Jennings and Edmonson hatched an escape plan and discussed this with William Chaplin, an abolitionist in Washington. Chaplin and a philanthropist, Gerrit Smith, among others agreed to the plan and decided to fund it.

An abolitionist sympathizer, Daniel Drayton, also expressed interest in the development and hired the small schooner, Pearl, as the escape vessel. When news spread that the ship would leave on the night of April 15, many slaves came up with plans to leave their masters’ homes unnoticed and make it to the wharf.

About 77 made it to the Pearl under the cover of darkness and would have sailed to freedom but for the weather and a slave named Judson Diggs.

Diggs was a driver who was hired to take two of the escapees to the Pearl. Upon their arrival, the two slaves were not able to pay him for the ride. Frustrated, Diggs would later inform slaveholders about what he had seen at the wharf.

As historian John Paynter wrote in 1916: “Judson Diggs, one of their own people, a man who in all reason might have been expected to sympathize with their effort, took upon himself the role of Judas”.

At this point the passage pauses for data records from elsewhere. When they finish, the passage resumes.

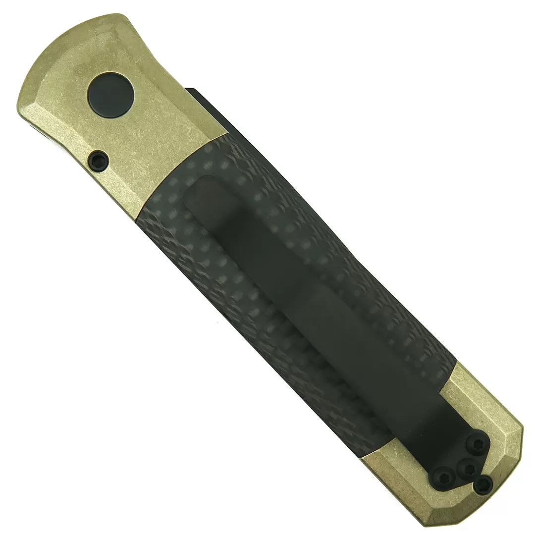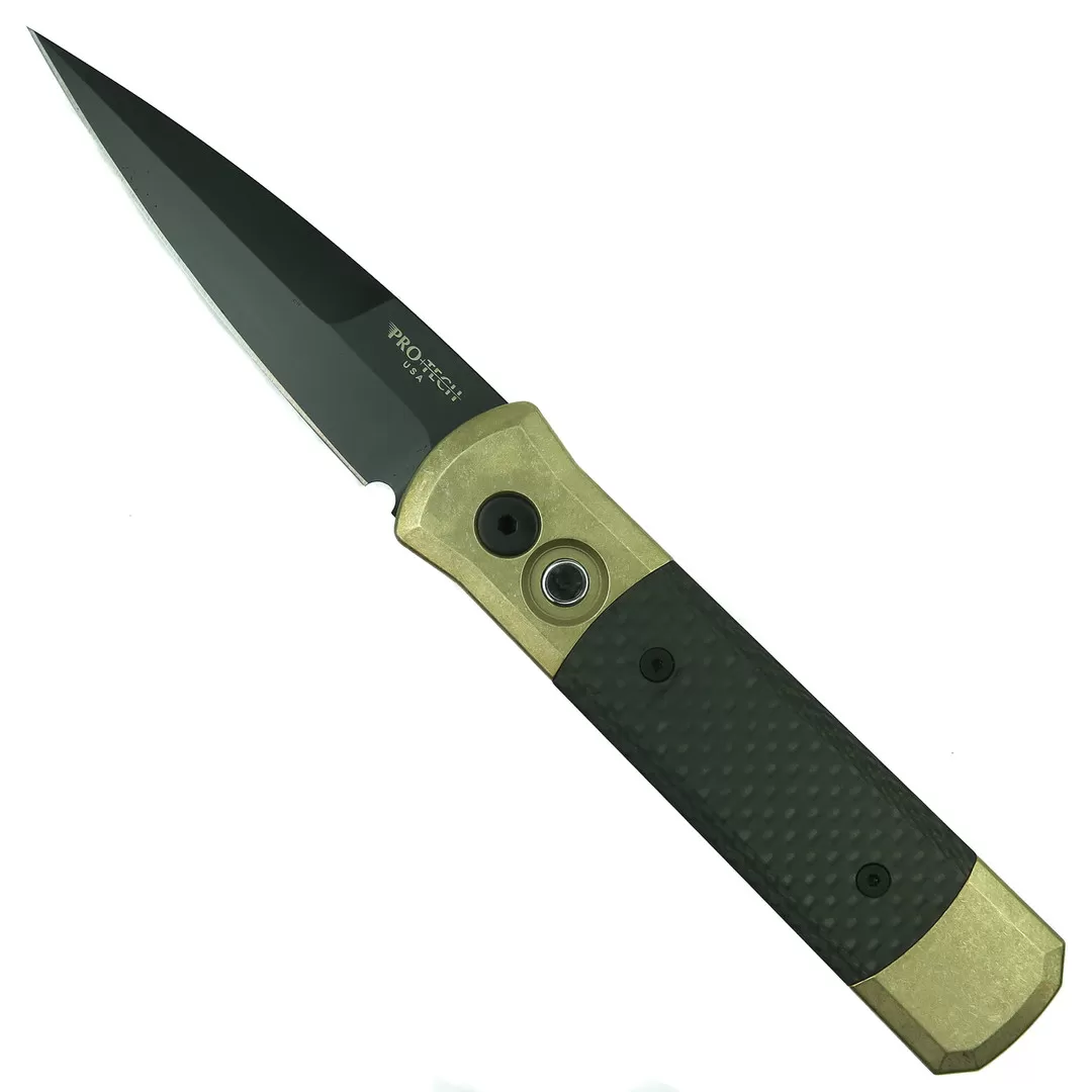 The Pro-Tech Godson automatic knife, model 7115, features a solid bronze aluminum handle with carbon fiber inlays coupled with a spear point blade in a black finish and the pocket clip is designed for tip up carry only.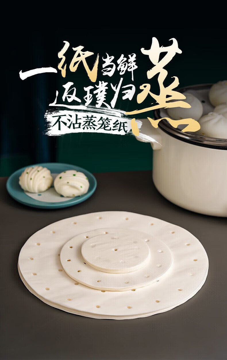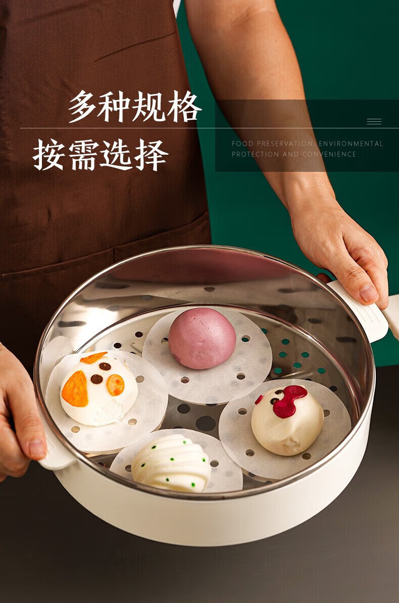 Steamer paper food grade non-stick steamed bun pad paper steamed bun paper disposable size can replace the steamer cloth natural color diameter 9cm 200 sheets steamer paper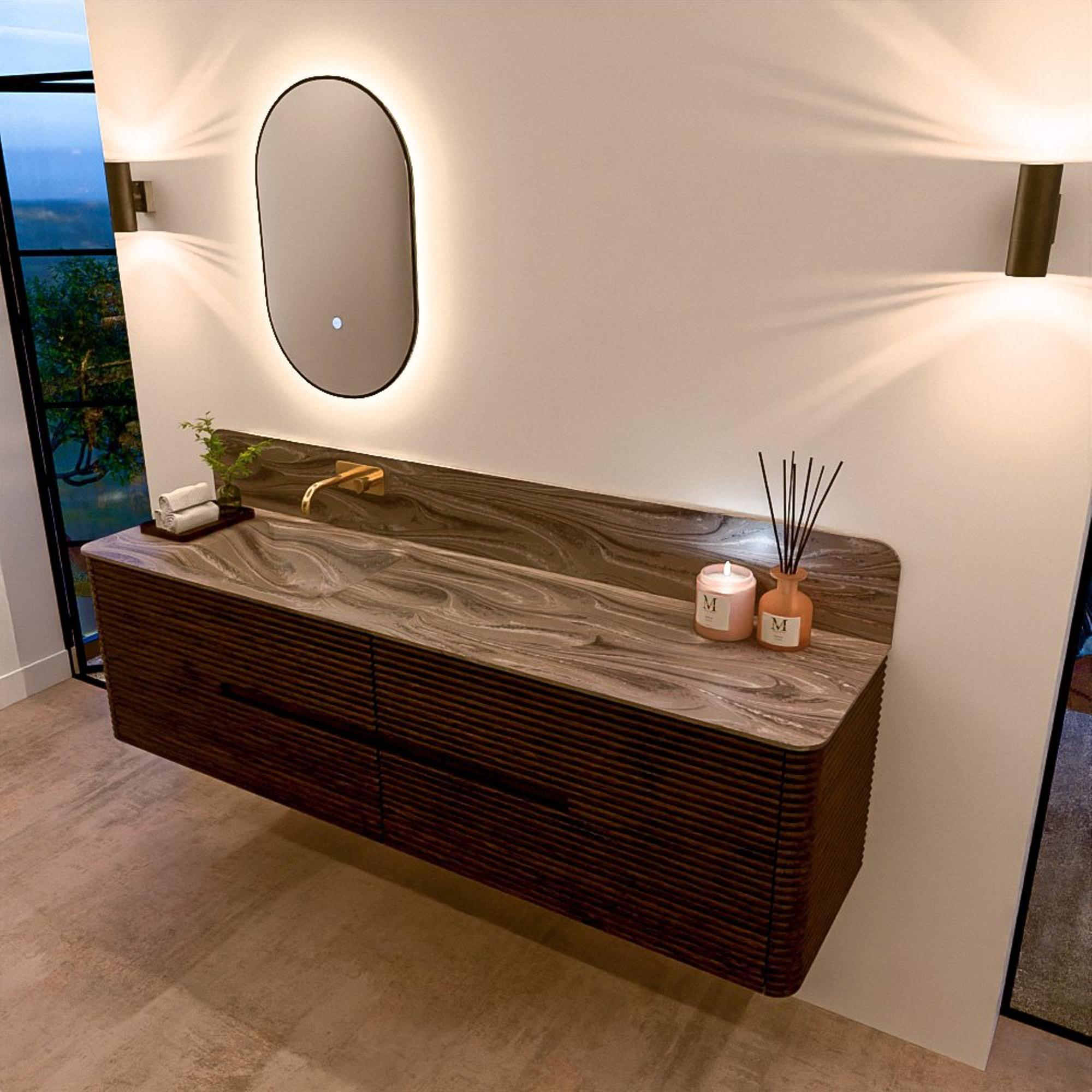 Le meuble de salle de bain CIRO-DLUX a été développé pour ceux qui choisissent un design moderne, des matériaux naturels et une fonctionnalité de haute qualité. Avec des dimensions allant de 70 cm à 190 cm, la gamme CIRO-DLUX s’intègre facilement aussi bien dans les salles de bain compactes que dans les grands espaces de design. Chaque meuble est une combinaison équilibrée d’esthétique, de savoir-faire et de qualité durable.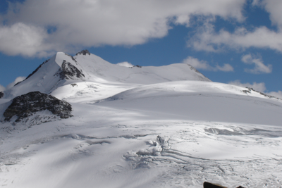 Climbers access the mountain through marked paths from Refuge ai Forni to Refuge Casati, requiring crampons and ice axes due to glacier terrain.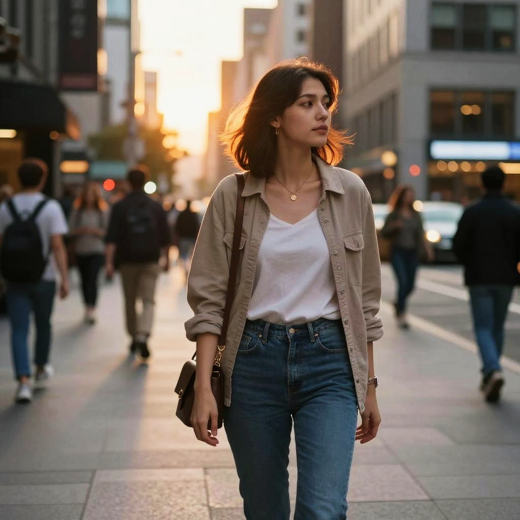 Photograph of a young blonde woman with wavy hair, wearing a short, white, off-the-shoulder dress and white sandals, standing on a sunlit urban street. She holds a black smartphone in her right hand and carries a small white handbag on her left shoulder. The background shows a busy street with blurred pedestrians, storefronts, and buildings. The woman stands slightly to the left of the center, smiling, and the street's pavement is gray with rectangular tiles. Sunlight casts shadows, adding a bright, airy feel to the scene.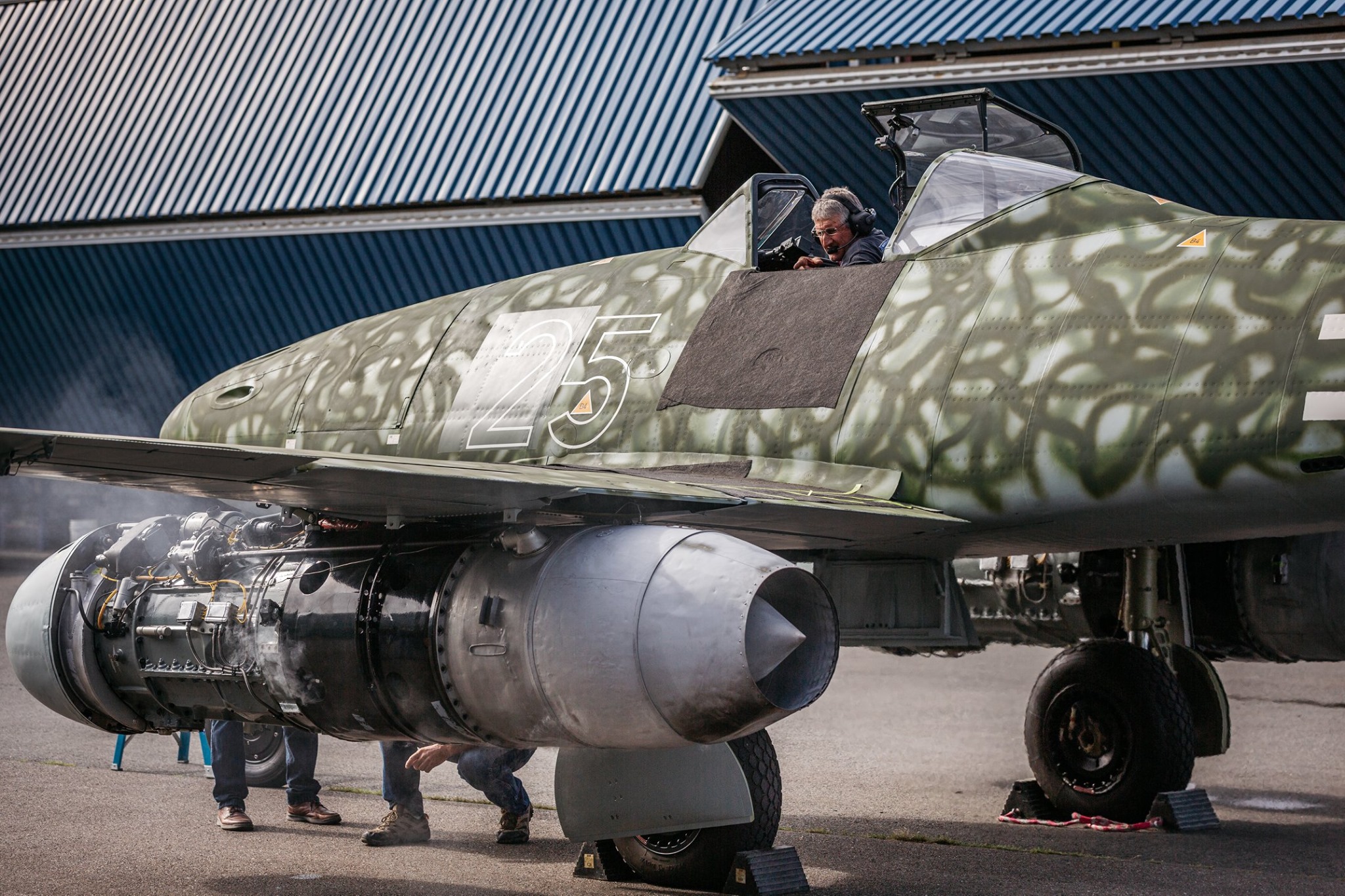 One of the biggest challenges in the restoration of the aircraft was in restoring the engines to be operational but yet safer than those built during the war. The original Junkers Jumo 004s were built in desperate conditions with fragmented supply chains producing often sub-standard materials. As a result, German WWII jet engines had an exceedingly low life expectancy, with some engines only being able to run for just 10 hours before requiring a complete overhaul. Many warbird enthusiasts doubted that the original engines could be restored to working order, but Paul Allen persisted. He hired Aero Turbine Inc. of Stockton, California, to overhaul the two Jumo 004B turbojet engines, and by 2015, the first test runs of the engines proved successful, marking the first time that any version of the Junkers Jumo 004 had run since 1951, when the Czechoslovakian Air Force retired the last of their locally-built Me 262s, the Avia S-92s, which were powered locally-built 004s designated as the Avia M-04.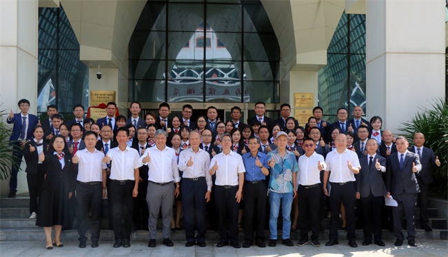 2023年8月16日下午,廣西中馬欽州產(chǎn)業(yè)園區(qū)開發(fā)有限公司舉行廣西孔雀灣建設(shè)工程有限公司揭牌儀式。自貿(mào)區(qū)欽州港片區(qū)管委副主任李從佳、合資公司馬方股東馬來西亞常青集團(tuán)董事經(jīng)理拿督張?zhí)┣?、合資公司董事蔡天佑、總裁肖源共同為建設(shè)工程公司揭牌。管委對外合作交流局局長莊嚴(yán)、社會事務(wù)局協(xié)理局長莫鑒賢、馬來西亞Arkitek KDI有限公司拿督斯里劉嘉銑、常成集團(tuán)執(zhí)行長拿督鄭義茂,以及合資公司及建設(shè)工程公司全體員工參加了揭牌儀式。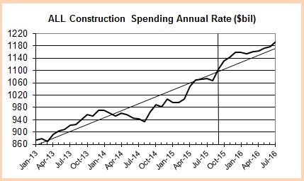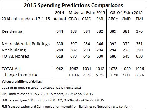 My numbers (GBCo) include the latest actual construction spending data released Nov. 2nd for September spending. This updated projection also includes revised future spending based on Dodge Data & Analytics construction starts released at the DDA Outlook 2016 conference Oct. 30th. My prediction for total spending in 2015, now at $1.075 trillion, hasn’t changed much (up 0.7%) since August. However, for next year my projection has increased from $1.150 to now expecting total spending of $1.190 trillion in 2016. The 2016 projection will be further refined in my year-end report.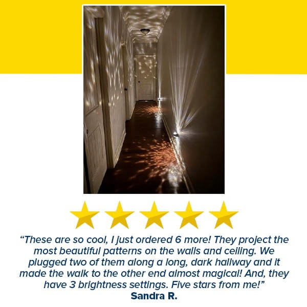 The night light plugs into any standard outlet and uses a dual-faceted crystal sphere to refract LED light, projecting intricate patterns onto walls and ceilings while providing soft illumination.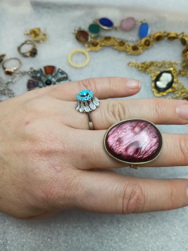 Кольцо кольцо тяжёлый кабон в виде лапидолита камня?, измельчения, винтаж, маркировки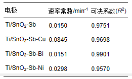 反應速率常數(shù)越大說明有機物的降解速率越快,從表中可以看出在相同條件下,p-DCB在各電極上的反應速率常數(shù)由大到小依次為KTi/SnO2-Sb-Cu,KTi/SnO2-Sb-Ni,KTi/SnO2-Sb-Bi,KTi/SnO2-Sb.因此p-DCB在Ti/SnO2-Sb-Cu電極上的降解速率最快,在Ti/SnO2-Sb電極上的降解速率最慢,可見金屬元素的摻雜對p-DCB的降解起到了促進作用。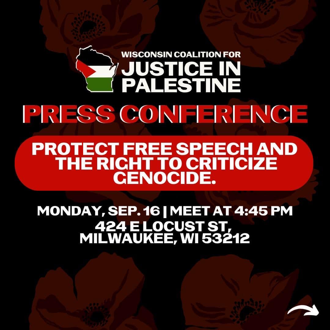 Categories Uncategorized Milwaukee, September 16, 2024: Protect Free Speech and the Right to Criticize! Post author By wibailoutpeople Post date September 16, 2024 Wisconsin Coalition for Justice in Palestine Share this: Share on X (Opens in new window) X Share on Facebook (Opens in new window) Facebook Like Loading... Related ← The Black Alliance for Peace Condemns U.S. Convictions of Uhuru 3 as a Fascist Farce → Milwaukee, September 20-29, 2024: ‘My Name Is Rachel Corrie’ Theatre Production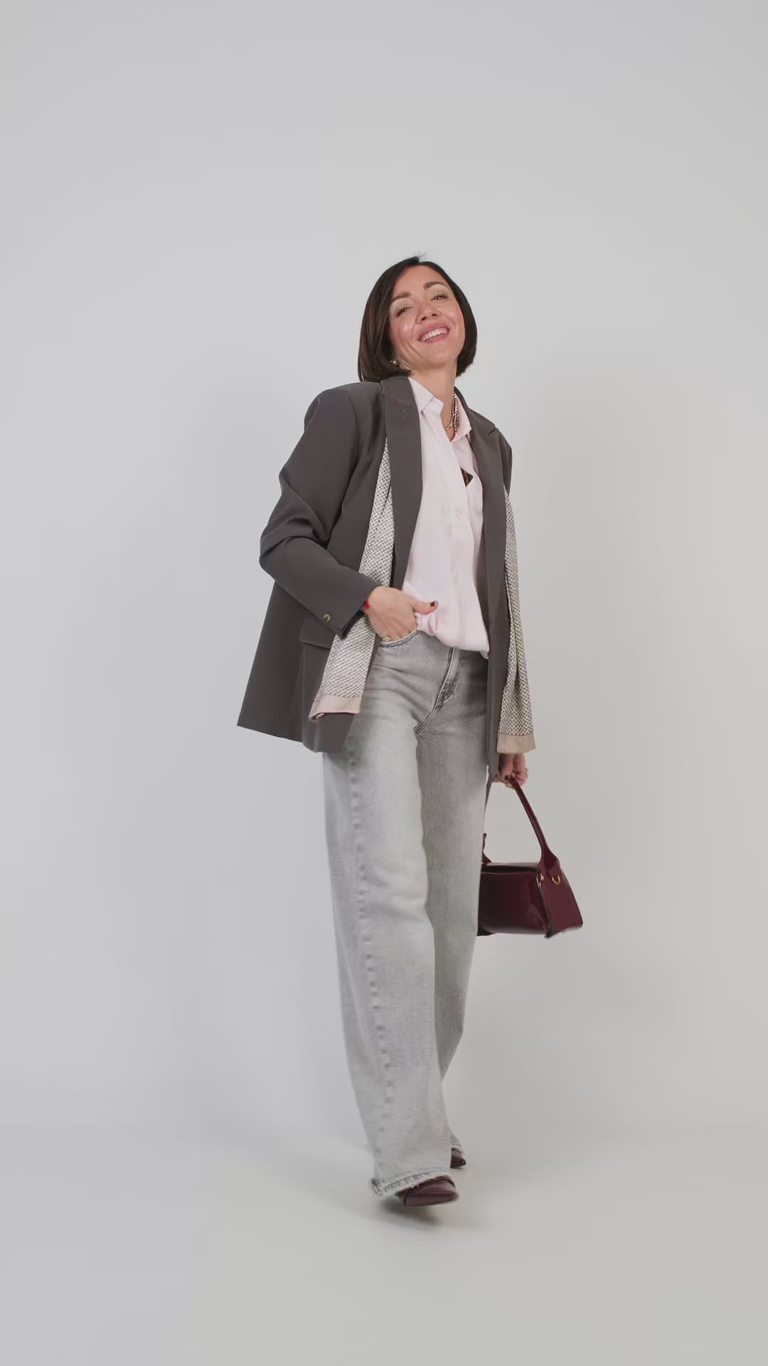 Jeans cinque tasche dal taglio contemporaneo. Linea wide-leg a tela ferma. Modello a vita regolare con chiusura zip e bottone in metallo, passanti in cintura e fondo gamba dal taglio vivo. Vestibilità comoda e strutturata. Lavaggio denim grigio chiaro.

In the dark, the Pearl set sail, headed to the Chesapeake Bay and then to New Jersey where slaves were considered free. By morning, the ship was moving easily down the Potomac River, but approaching the mouth of the river, tides and fierce winds prevented the ship from entering the Chesapeake Bay.

Passengers and crew were, therefore, compelled to anchor in a nearby harbour, near Point Lookout where they hoped to rest for the night and prayed for any kind of pursuit to be delayed. They were not fortunate, as, by daybreak, slave owners in Washington and its environs realized that their slaves were nowhere to found.

With Diggs’ help, some armed white men, and local law enforcement officers sailed down to the river to Point Lookout, Maryland, and captured the slaves, bringing them back to Washington.

“All on board were…made prisoner without bloodshed, although it was evident that the slaves would have resisted if there were any chance of escape,” wrote a local newspaper.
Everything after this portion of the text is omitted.